To add a title to AxesSubplot, use g.set_title('Title')

If the figure has subplots, use g.set_titles to set the titles for each AxesSubplot. If you want to use the variable name in the title, you can use "col_name" in braces to reference the column value, like g.set_titles("This is {col_name}") 

To assign axis labels, assign the plot to a variable and then call the 'set' function with parameters xlabel= and ylabel=. This is for both AxesSubplot and FacetGrids. To rotate the tick labels, call the Matplotlib function plt.xticks(rotation=). This is for both AxesSubplot and FacetGrids.

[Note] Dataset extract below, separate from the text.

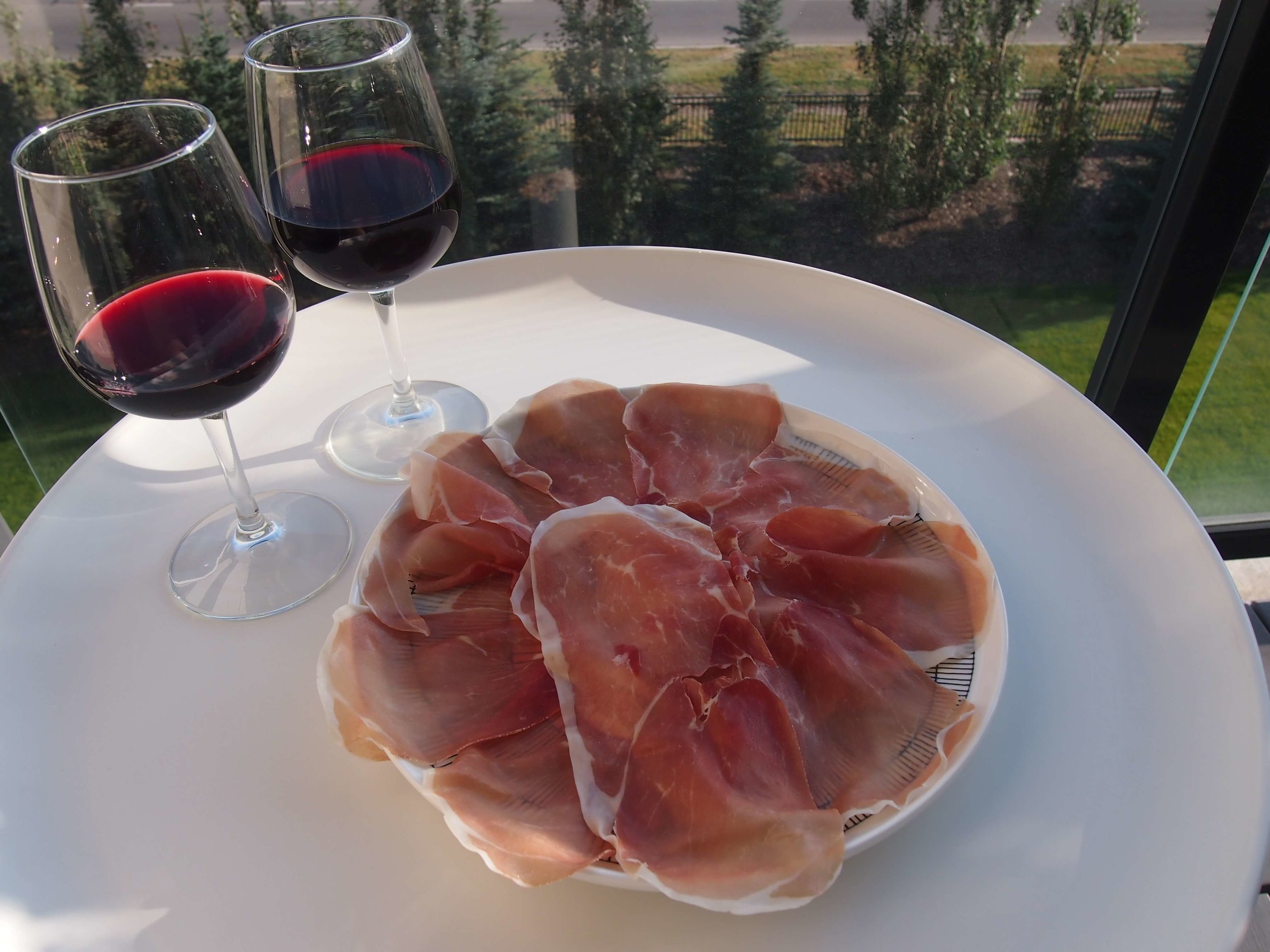 赤ワインと生ハム。(左側のグラスに少ししか入っていないのは ボトルの最後の残りを入れたから)

## Putting it all together

Import the packages

Decide what plot you want to create: relational plot (betwen 2 quantitative vairables), categorical plot (distribution of a quant. within categories)

Adding a 3rd variable: hue, or col/row in relplot() or catplot()



## Explore Datasets
Use the DataFrames imported in the first cell to explore the data and practice your skills!
- From `country_data`, create a scatter plot to look at the relationship between GDP and Literacy. Use color to segment the data points by region.
- Use `mpg` to create a line plot with `model_year` on the x-axis and `weight` on the y-axis. Create differentiating lines for each country of origin (`origin`). 
- Create a box plot from `student_data` to explore the relationship between the number of failures (`failures`) and the average final grade (`G3`).
- Create a bar plot from `survey` to compare how `Loneliness` differs across values for `Internet usage`. Format it to have two subplots for gender.
- Make sure to add titles and labels to your plots and adjust their format for readability!